How big is the batch (how much diluent is a pint)?

Peach liquer maybe!


----------



## DC Bees (Sep 24, 2009)

It is a five gallon batch and the liquid is at the very top ring of the carboy.My guess is about a pint of liquid would be enough.I was thinking about the same thing but i do not want to raise the alcohol to high!


----------



## Ben Brewcat (Oct 27, 2004)

Well, a pint in 5 gallons is what, around a 3% diluent... even if it were 200 proof it'll virtually disappear, especially in a mead of any respectable strength . Usually they're around 40 proof or 20% ETOH, so it'll be a VERY modest addition of alcohol and sugar.
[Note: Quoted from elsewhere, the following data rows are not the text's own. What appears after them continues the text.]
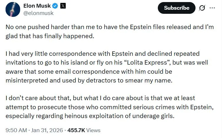 Никто не давил на выпуск файлов Эпштейна сильнее меня, и я рад, что это, наконец, произошло. У меня было очень мало переписки с Эпштейном, и я неоднократно отказывался от приглашений на его остров или полётов на его «Лолитa Экспресс», но я прекрасно понимал, что часть переписки с ним может быть неправильно истолкована и использована недоброжелателями для очернения моего имени.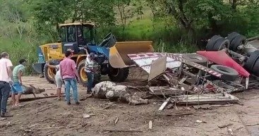 Caminhão boiadeiro capota e motorista morre após ficar preso às ferragens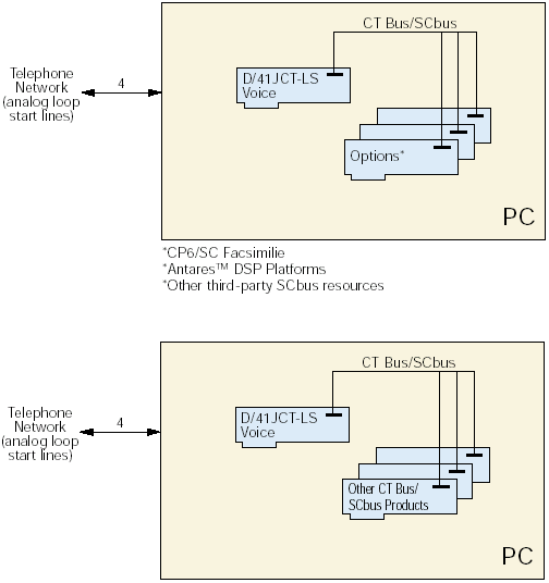 使用D/41JCT-LS板卡和CT總線時,來自網(wǎng)絡(luò)板卡或其他資源的數(shù)字語音和資源通過H.100接頭和CT總線接口進入板卡。由一個CT612芯片管理這些信號,并且作為通道協(xié)調(diào)器和矩陣交換機來緩存來自總線的高速信號數(shù)據(jù),直到每個通道的數(shù)據(jù)發(fā)送到DSP。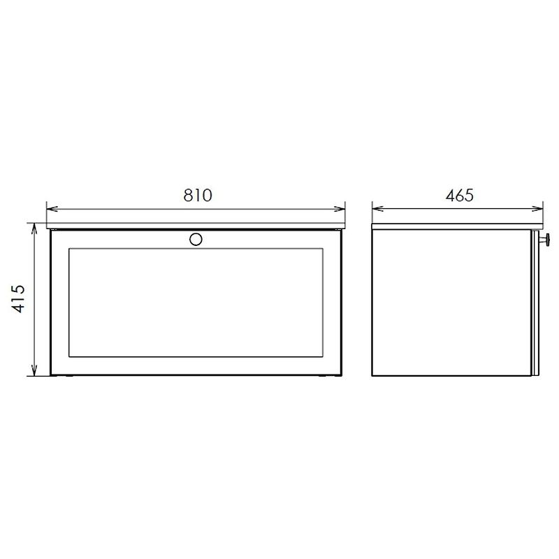 Габариты тумбы с раковиной (ШхВхД): 810х415х465 мм.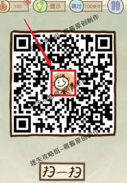 二维码的中间有一个小头像各位看见没有,这个是可以拖动的,我们只要拖动这个小头像将周围的二维码全部擦掉就能完成这一关了。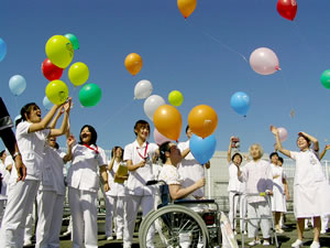 | 9月9日「全国一斉9条守れ」行動で、平和への願いこめて(長野中央病院屋上から。撮影=長野医療生協・新村紘士通信員) |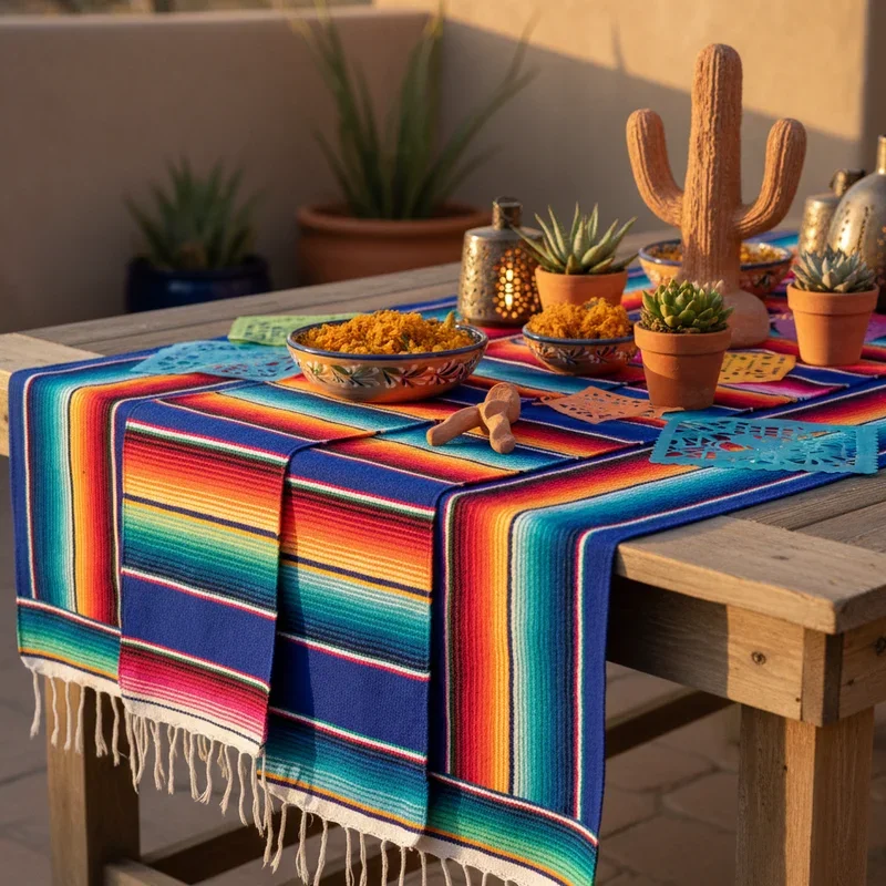 Add instant authenticity to your table settings with vibrant serape runners that showcase traditional Mexican textile patterns. These striped wonders transform plain tables into festive focal points with their rainbow colors and distinctive designs. Layer them over solid tablecloths for depth, or let them shine solo on wooden tables for a rustic look. Can't find authentic serapes? Create the look with striped fabric or even coordinating scarves arranged down the table center. Place white dishes on top to let the colors pop, or go bold with mix-and-match colored plates. Use multiple runners across long tables or drape them diagonally for visual interest. They also work beautifully as backdrop elements when hung on walls or draped over chairs. The versatility of serape patterns means they complement both casual backyard gatherings and more formal dinner parties.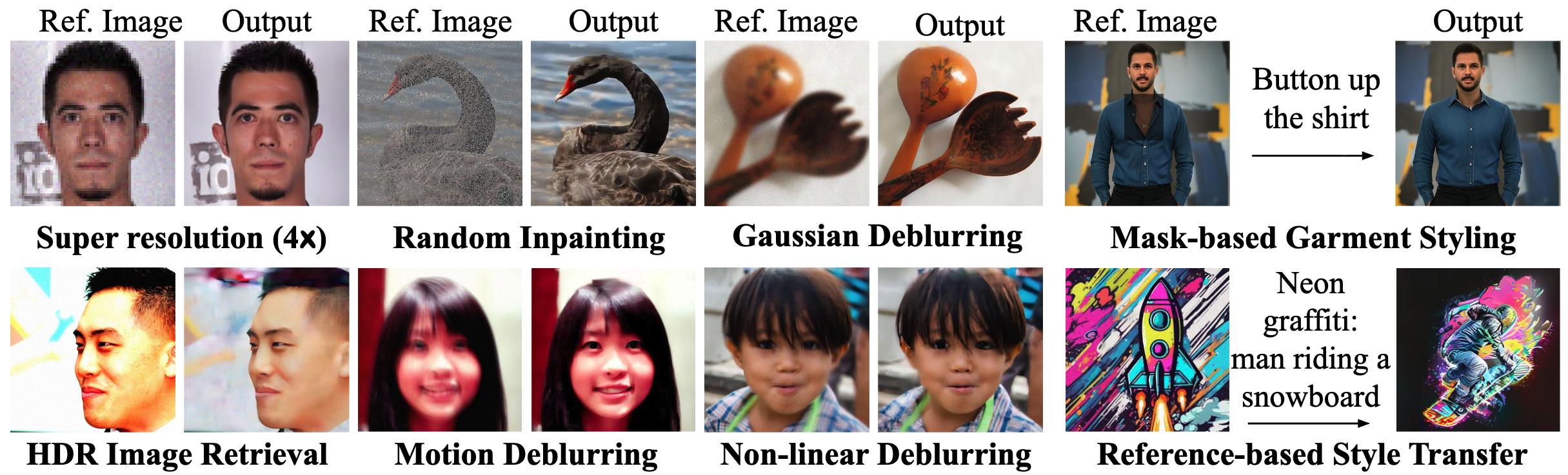 We introduce Anchored Posterior Sampling (APS) for masked diffusion foundation models, built on two key innovations: (i) quantized expectation, which provides gradient-like guidance for discrete diffusion with purely discrete embedding space, and (ii) anchored remasking, which enables adaptive decoding during inference. Our method supports a variety of linear and nonlinear image restoration tasks (left three columns), as well as mask-based garment styling and reference-guided style transfer (last column).

Or just dilute some honey to must gravity.


----------



## nursebee (Sep 29, 2003)

I question your need to top off the carboy. If one aims to top off a carboy it is a task best prepared for from the start with extra must/wort/solution/juice. I do not prepare for this and have head space in all my carboys. An alternative would be to use a CO2 tank (or nitrous) to blow out the top prior to putting the bung or airlock on.


----------



## Vance G (Jan 6, 2011)

A sliver of dry ice from any grocery store here would work too IF your fermentation lock stays intact and full.


----------



## slickbrightspear (Jan 9, 2009)

I use glass marbles to top up they take up space and do not dilute the mead or wine depending


----------



## seal62 (Apr 17, 2011)

I wouldnt worry about a pint . If you have a air lock on and just a bit of fermentation it will expell the air .


----------